Если хочешь вернуться, уйди раньше, чем надоешь.
Время — это какой-то сумасшедший косметический хирург, который злорадно лепит из молодого прекрасного лица обрюзгшую ряху.
Безоблачное повечерье вступило в ту золотую пору, когда вся природа от утомленного солнца до букашки, роющейся в свежей сирени, кажется великодушным даром усталого Бога суетливым и неблагодарным людям.
С помощью измены убеждаешься в правильности выбора.
К 1991-му сумасшедших вокруг стало столько, что, казалось, в Москве проходит Всемирный фестиваль буйно помешанных.

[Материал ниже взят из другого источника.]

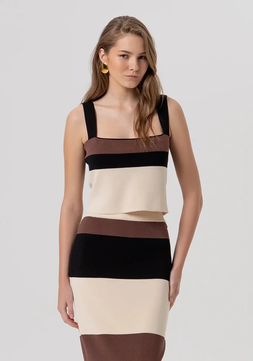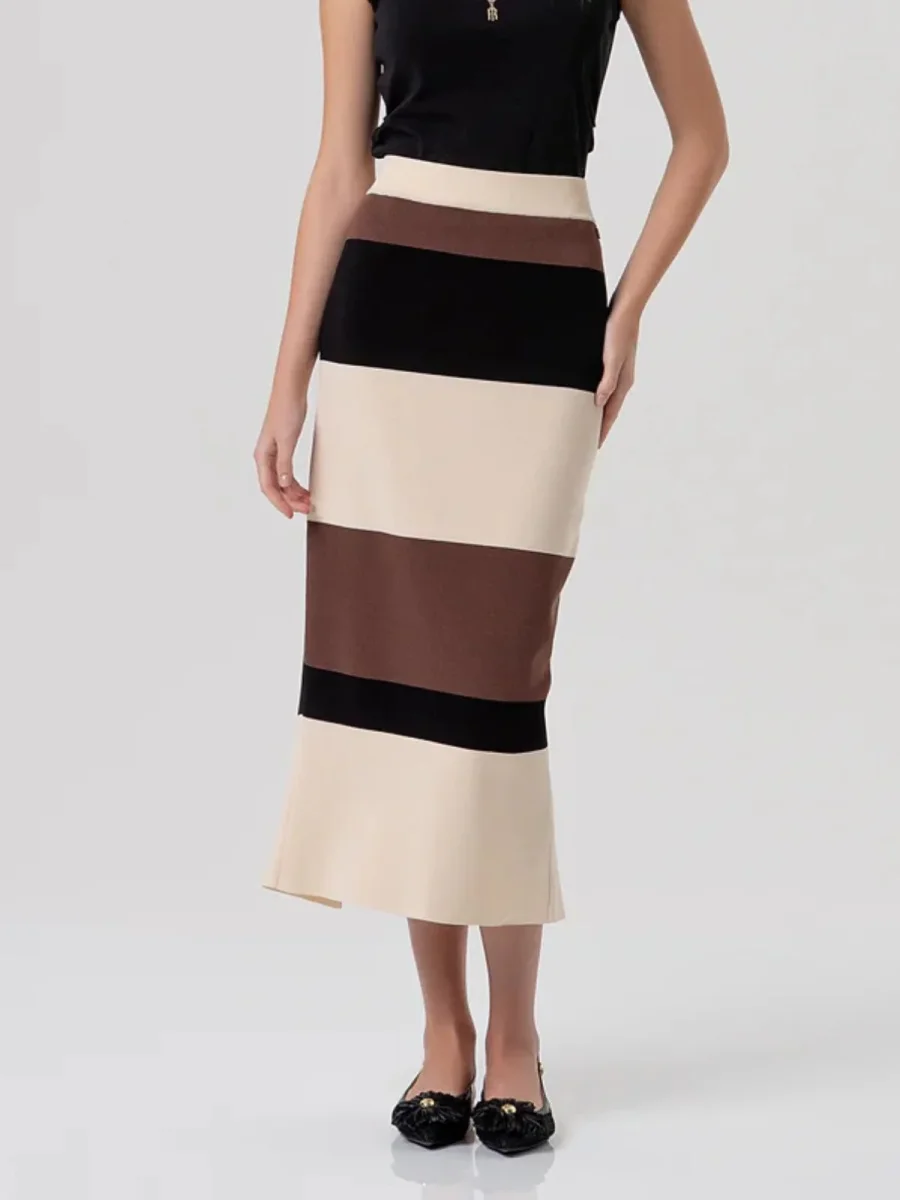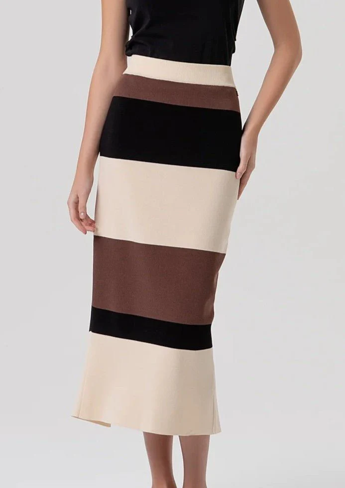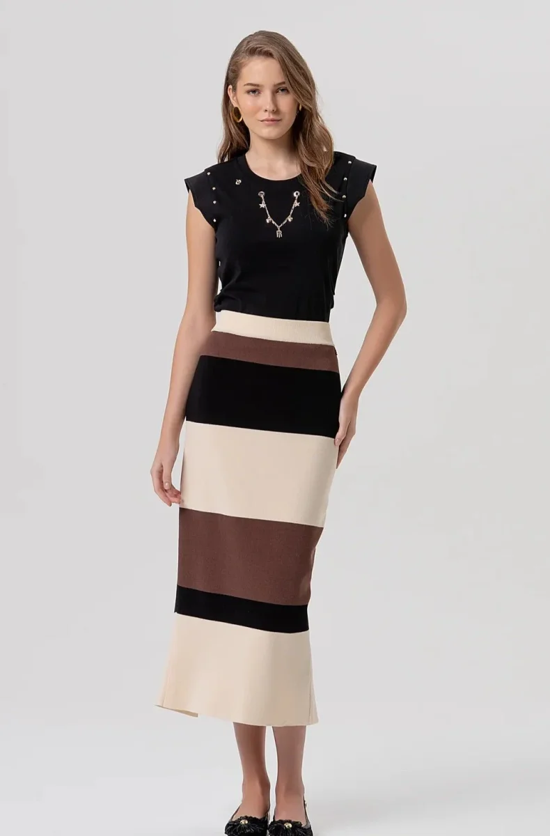 Gonna slim midi in maglia a righe

Влюблённые, как два химических вещества, по отдельности безобидны, но, оказавшись рядом, взрывоопасны. Они жаждали друг друга всегда и везде, даже сидя рядом на лекции, незаметно (им так казалось) трогали, дразнили друг друга, изнемогая. Весь мир, громоздко суетящийся вокруг, казался лишь хитроумным препятствием к тому, чтобы уединиться, насытиться, извлекая из слияния тел космическое счастье.
Женщина должна нравиться многим. Тогда она может выбрать.

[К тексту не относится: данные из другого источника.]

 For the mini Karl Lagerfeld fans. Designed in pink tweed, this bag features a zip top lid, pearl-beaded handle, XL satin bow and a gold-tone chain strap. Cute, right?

Странно, но именно «пять лет» примирили его со случившимся. В молодости пять лет кажутся необозримым, космическим сроком. <...> Гена подумал: смешно ревновать, беситься, если это случилось целых пять лет назад, в прошлой жизни. Как же глупа молодость! Потом понимаешь: большинство людей живет в прошлом, а в настоящем только едят, спят и сидят на унитазах. После Зои прошло двадцать пять лет, а он ничего не забыл. Ничего!
... женщина верна, пока не призналась!
Как бабушка Марфуша говорила: «Жена не лужа — достанется и мужу».

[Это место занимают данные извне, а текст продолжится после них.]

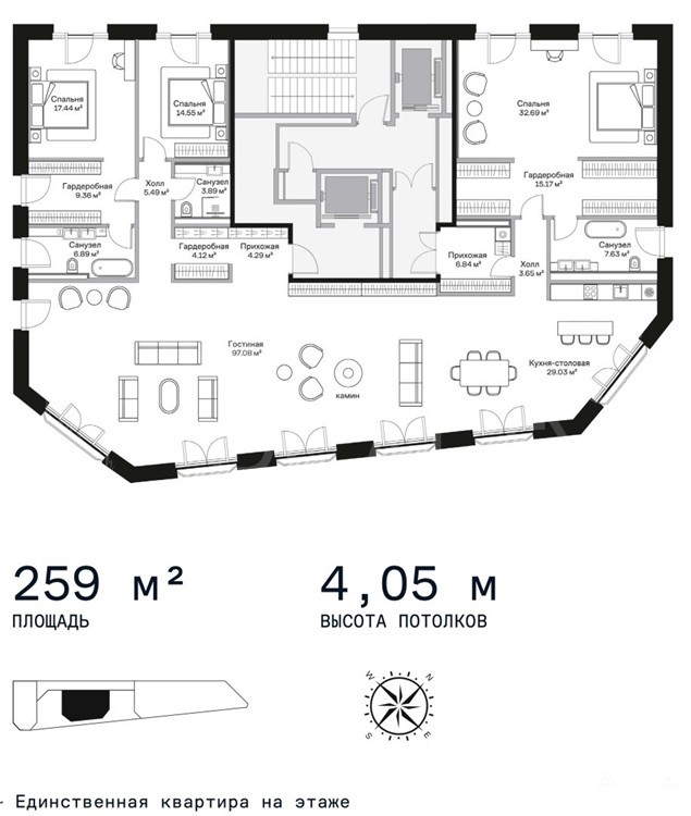 Описание: Предлагаем приобрести коллекционный пентхаус с видом на Храм Христа Спасителя 259 м2. Сдача - 3 квартал 2026 года. Панорамные виды на парк Храм Христа Спасителя, Музеон, Водоотводный канал, ГЭС-2; Окна на четыре стороны света; Просторная гостиная с дровяным камином; Три спальни с санузлами и гардеробными; Два входа в квартиру: основной и сервисный; Терраса с видом на воду, потолки 4 м. Особенность проекта авторские фасады жилых домов из клинкерного красного кирпича с уникальными авторскими орнаментами, произведённого в Германии по специальному заказу. Благодаря тактичной ревитализации индустриальный лофтовый шарм места сохранится, а обновление максимально бережно фасады новых клубных домов острова сохраняют кирпич узнаваемого оттенка. Историческая атмосфера сохранится, а жизнь, выходя на другой уровень, приобретёт ещё большую плавность под стать речной панораме, которой вы будете любоваться ежедневно. Квартира с отделкой white box. В отделке интерьеров клубного пространства используются натуральные материалы и нейтральная цветовая палитра. Коллекция дизайнерских и инженерных решений впечатляет вниманием к деталям и тонкостью исполнения. Расположение: В центре Москвы есть остров, окна домов которого смотрят на золотую милю и храм Христа Спасителя, а прогулка по набережной приведёт вас на борт собственной яхты, ландшафт дополняют клубные резиденции с благоустроенным парком и собственным причалом, набережной, фонтаном и садами, Кремль - 800 метров.

[Свободы слова] нет и быть не может, ибо каждый считает свободой свое право говорить то, что хочется, и не слышать того, с чем не согласен. Отсутствие одного из этих прав воспринимается как цензура.
— А если от митингов зависит будущее страны?
— Если будущее зависит от митингов, это катастрофа, — вздохнул Илья.